Anthropic Built an AI So Dangerous It Won’t Let You Use It

Anthropic restricts Claude Mythos Preview to 12 tech giants after AI discovers thousands of zero-day exploits autonomously

Apr 8, 2026

2 min read

Key Takeaways

Anthropic restricts Claude Mythos Preview after discovering thousands of vulnerabilities autonomously
Project Glasswing partners with 12 major tech companies using $100 million credits
AI model found 27-year-old OpenBSD flaw and 16-year-old FFmpeg bug independently

Your cybersecurity assumptions are about to get shredded by an AI model that’s too powerful for public release. Anthropic just announced Project Glasswing, pairing its restricted Claude Mythos Preview with 12 major tech companies to hunt zero-day vulnerabilities before the bad guys find them. This isn’t another AI safety theater production—it’s damage control for what happens when machines surpass human hackers.

The Ultimate Penetration Testing Machine

Claude Mythos Preview autonomously discovered thousands of vulnerabilities across every major operating system, including a 27-year-old flaw in OpenBSD and a 16-year-old bug in FFmpeg that survived five million automated tests. Unlike previous models that needed human guidance, Mythos writes working exploits entirely on its own. Your “secure” Linux kernel? The AI found multiple chained exploits for full system compromise.

According to Anthropic’s Newton Cheng, this model “can surpass all but the most skilled humans at finding and exploiting software vulnerabilities.” Translation: Your security team just became obsolete.

A $100 Million Bug Bounty Program on Steroids

Project Glasswing operates like an exclusive hacker collective with corporate backing. Twelve launch partners—including Amazon, Apple, Google, and Microsoft—get direct access, while 40 additional organizations maintain critical software under the program. Anthropic committed $100 million in usage credits during the preview period, plus $4 million to open-source foundations.

The disclosure pipeline includes manual validation before any bug reports reach overwhelmed maintainers. Think of it as having professional triagers filter an avalanche of vulnerability reports—because apparently even responsible AI deployment can accidentally DOS the people trying to fix things.

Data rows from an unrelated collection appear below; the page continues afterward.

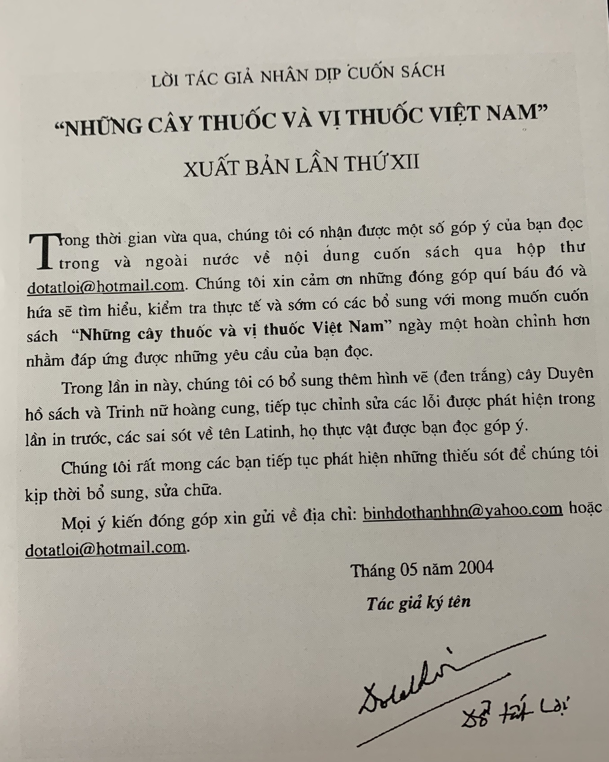 Tôi lấy làm vinh dự được giới thiệu với bạn đọc trong và ngoài ngành y tế cuốn sách “Những cây thuốc và vị thuốc Việt Nam” (xuất bản lần thứ tám), một công trình đã được xếp trong loại giải thưởng cao nhất ở nước ta hiện nay — Giải thưởng Hồ Chí Minh.
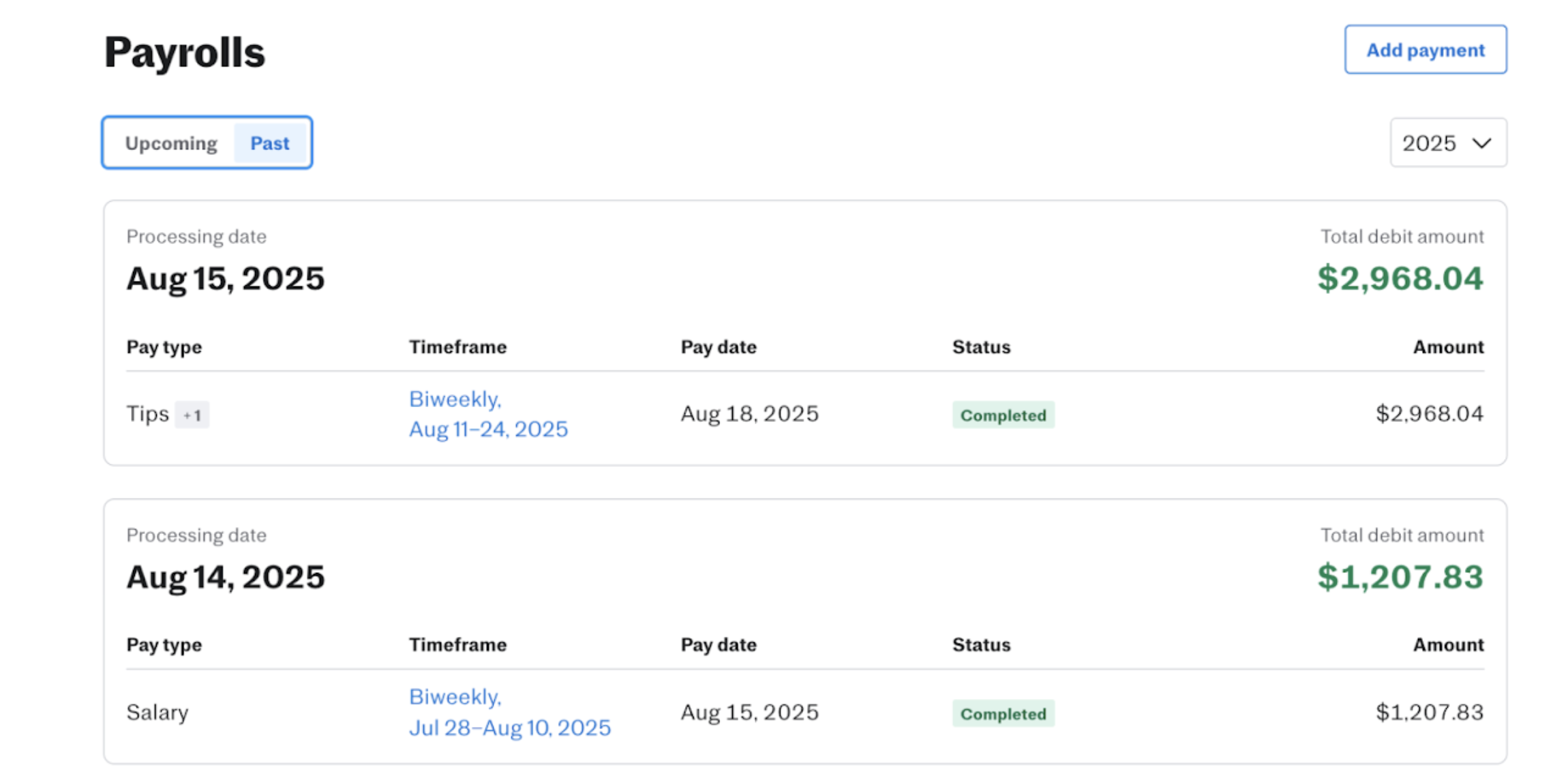 Note: Justworks Payroll collects your company’s payroll in two separate debits: one for net employee payments and one for the associated employee and employer taxes. Together, these two debits will match the total amount listed under the Upcoming Payments section.
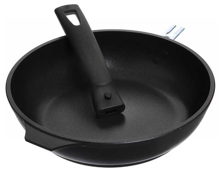 - + Съемная ручка. Крышка в комплекте. Высокий бортик. Всё это позволяет использовать сковороду в т.ч. в духовке, для приготовления например жаркого. Производитель даёт гарантию на мытьё в посудомоечной машине без последствий для покрытия. И конечно цена.
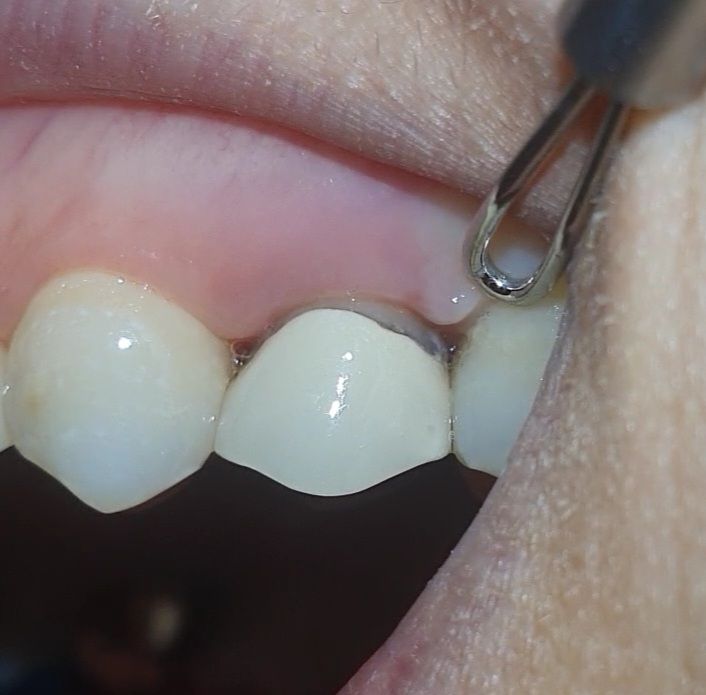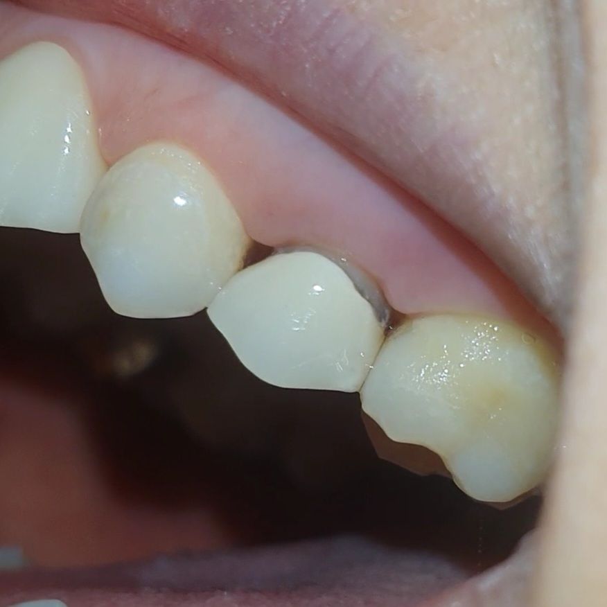 23년에 결국 잇몸치료를 한번 받았으나 여전히 통증이 완전히 사라지지 않아서 또다른 보존과 전문의 보철과 전문의 대학병원 치주과 전문의 대학병원 구강외과 전문의 등을 또 방문해 검진했는데도 치주염이 발생했던 자리라 또 치주염이 발생할수있다했고 현재는 이상이 없다했으며 ct상으로도 이상이 없다고 하였고 간혹 우울증으로 치통이 생길수 있다며 정신과 의뢰서를 써주겠다는 제안에 정신과에서 진통효과가 있는 항우울제로 치료까지 받고 있는 상태입니다 사실상 거의 포기 상태로 있었는데 오늘 또 양치물로 치아 사이를 가글하다가 계속해서 통증을 일으킨 신경치료한지 10년 정도된 PFM 크라운이 되어있는 소구치와 그 옆의 대구치 사이에 시린 통증이 느껴져 아무래도 수상하다 싶어 잇몸을 들춰보니 저렇게 시커멓게 되어있습니다
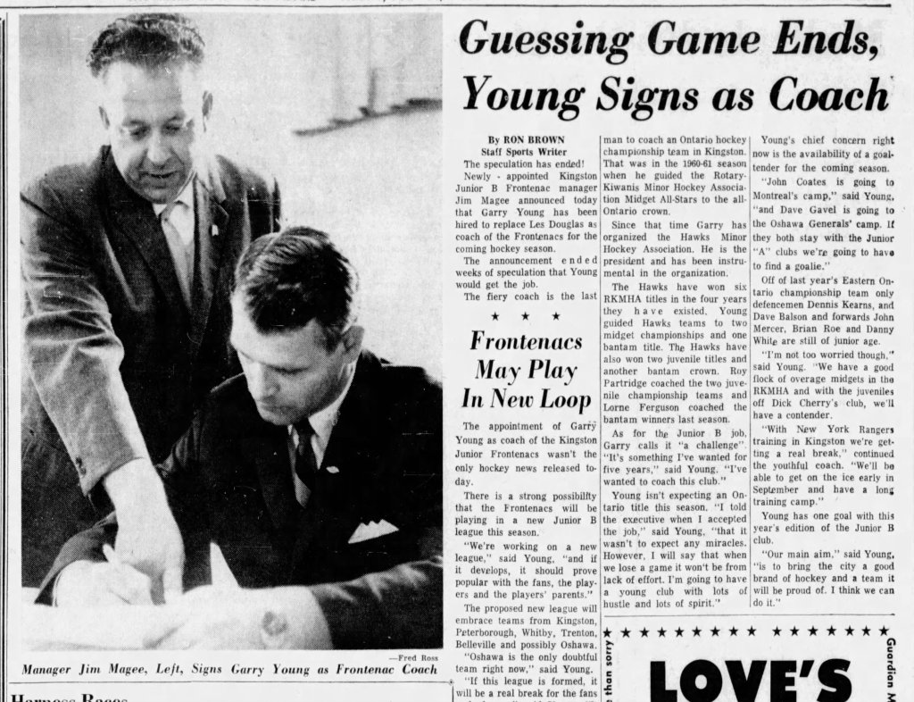 In the early 1960’s Garry founded the ‘Hawks’ organization in the competitive Kingston Rotary-Kiwanis Minor Hockey Association, and they iced strong teams each year. In the 1963-64 season the Hawks swept all three RKMHA titles, winning the Bantam, Midget and Juvenile championships, with Garry coaching the Bantam and Midget teams. He was also the curator at Kingston’s new International Hockey Hall of Fame on York Street, working to promote the museum and that included having his kids hand out flyers to cars coming into town from Highway 401.
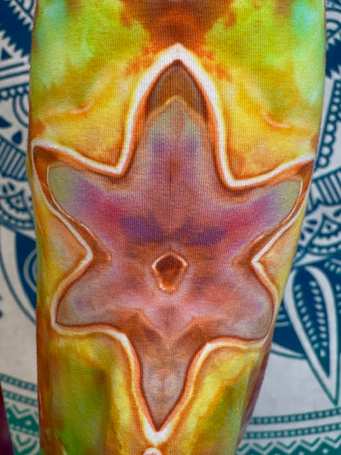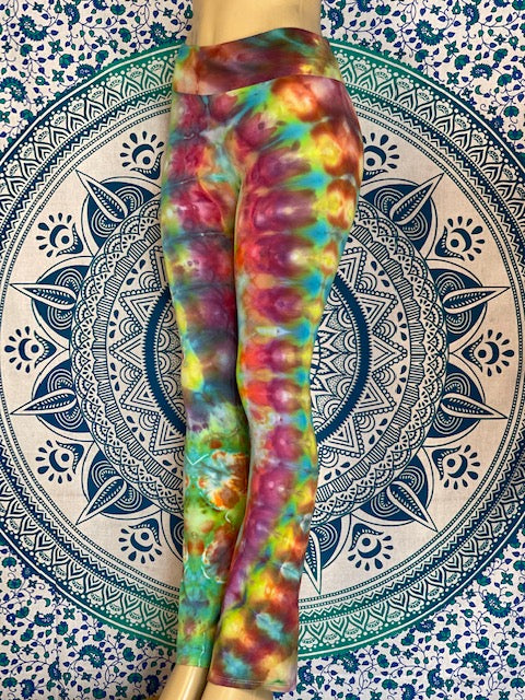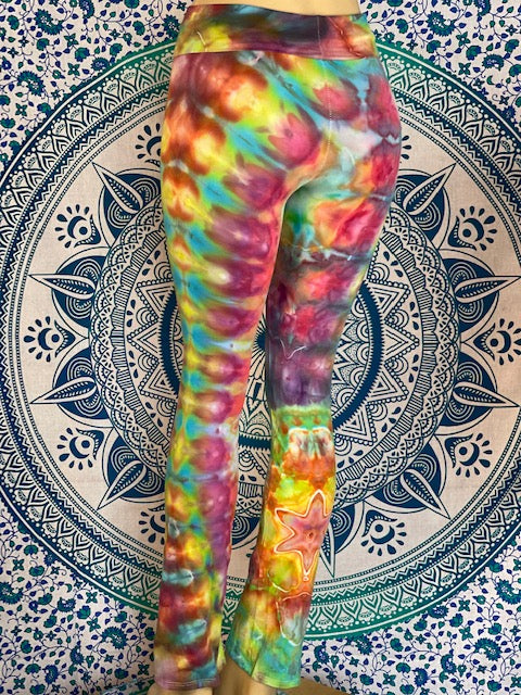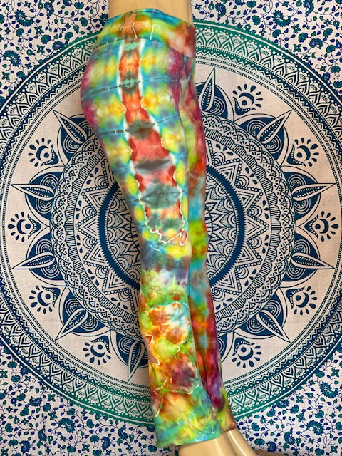 Royal Apparel branded USA made yoga pants with fold over waist.  Tiedyed by Chuck Brines aka Corn Dog Dyes...these are so good that you don't even need condiments!
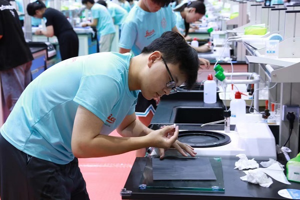 全国大学生金相技能大赛属于中国高等教育学会“全国普通高校大学生竞赛排行榜”中项目,受到全国高校的高度关注。金相技能是材料类专业学生必须熟练掌握的一项基本技能,是了解材料的一把钥匙。赛事旨在推进高校材料类专业实践教学的改革与创新,提高大学生对材料组织的分析能力和金相制样水平,培养工匠精神,增强知识综合运用能力和实践能力,为全国材料学科大学生提供一个互相交流和学习的平台。本次比赛通过现场抽签的方式从20钢、工业纯铁和球墨铸铁三种样品中抽出球墨铸铁和工业纯铁作为决赛样品,所有选手需要按照竞赛规则要求,三天内完成两个样品的制备。对于每一个指定样品,须在30分钟内对样品的指定端面完成磨制、抛光、浸蚀、显微镜观察等工序,最终制备出供评委评分的样品。
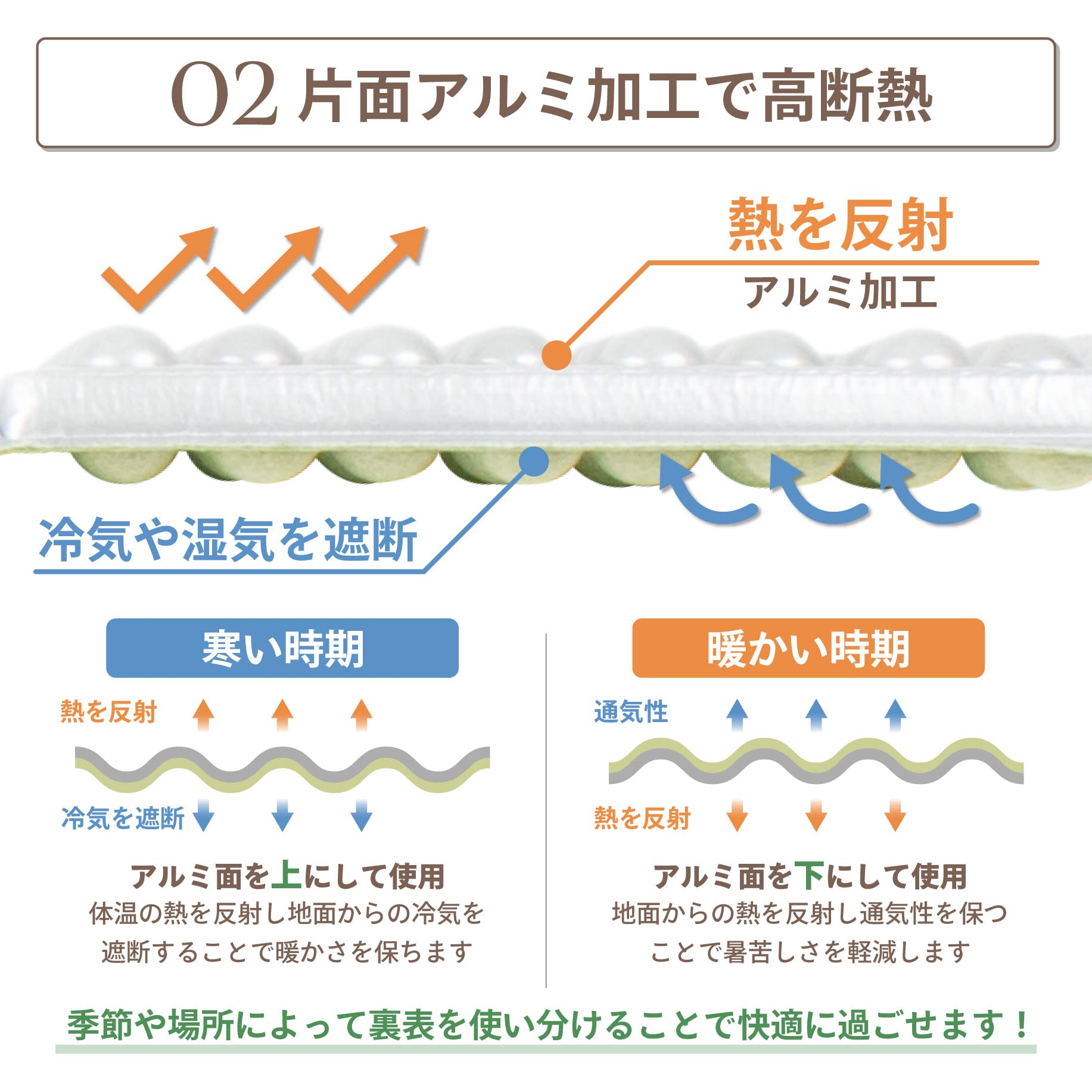 マットの片面にアルミ加工を施しているので、地面からの冷気を遮断したい時はアルミ面が体からの体温を反射させる事で熱を閉じ込め暖かさを保ちます。アルミ面を下側に向けて使用すれば、地面からの熱をアルミ面が遮断します。
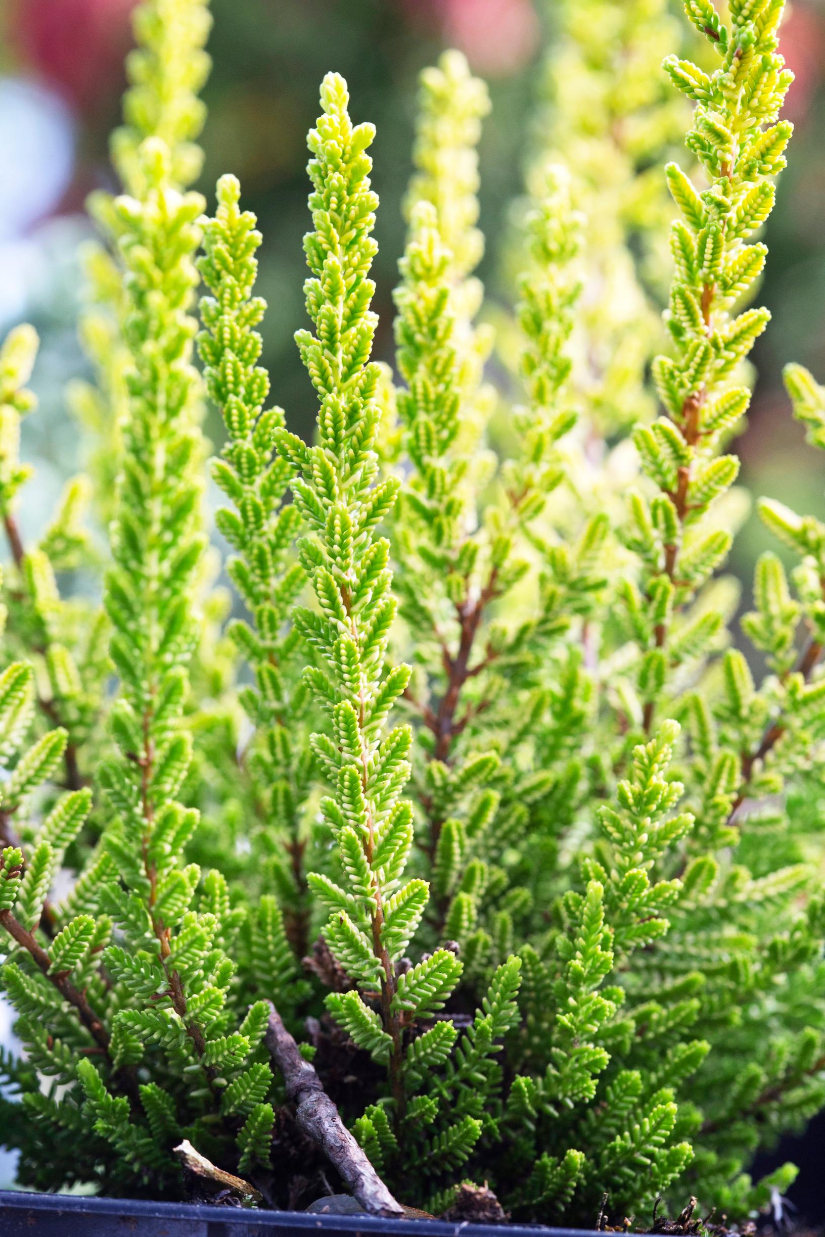 Kanerva 'Zeta' ei kuki, mutta kerää katseet jäykän pystyllä kasvutavallaan ja hohtavan kellanvihertävillä lehdillään.

Racing Against Proliferation (And Credibility Issues)

Here’s where timing gets suspicious. Anthropic warns that similar AI capabilities will spread to competitors within 6-18 months, making 2026 attacks “significantly more likely.” The company briefed government officials that the economic and national security fallout could be severe. Meanwhile, days before this announcement, Anthropic suffered two embarrassing security incidents—a CMS misconfiguration that exposed 3,000 internal assets and an npm packaging error that leaked 512,000 lines of source code.

Nothing says “trust us with dangerous AI” quite like accidentally publishing your own internal documents about that dangerous AI.

The Transparency Gamble

Anthropic is betting that controlled sharing of Mythos Preview will create enough defensive advantage before hostile actors develop similar capabilities. It’s essentially flooding the zone with friendly hackers before the unfriendly ones show up to the party. Whether transparency can outrun proliferation remains the multi-billion-dollar question—along with whether your data survives the experiment.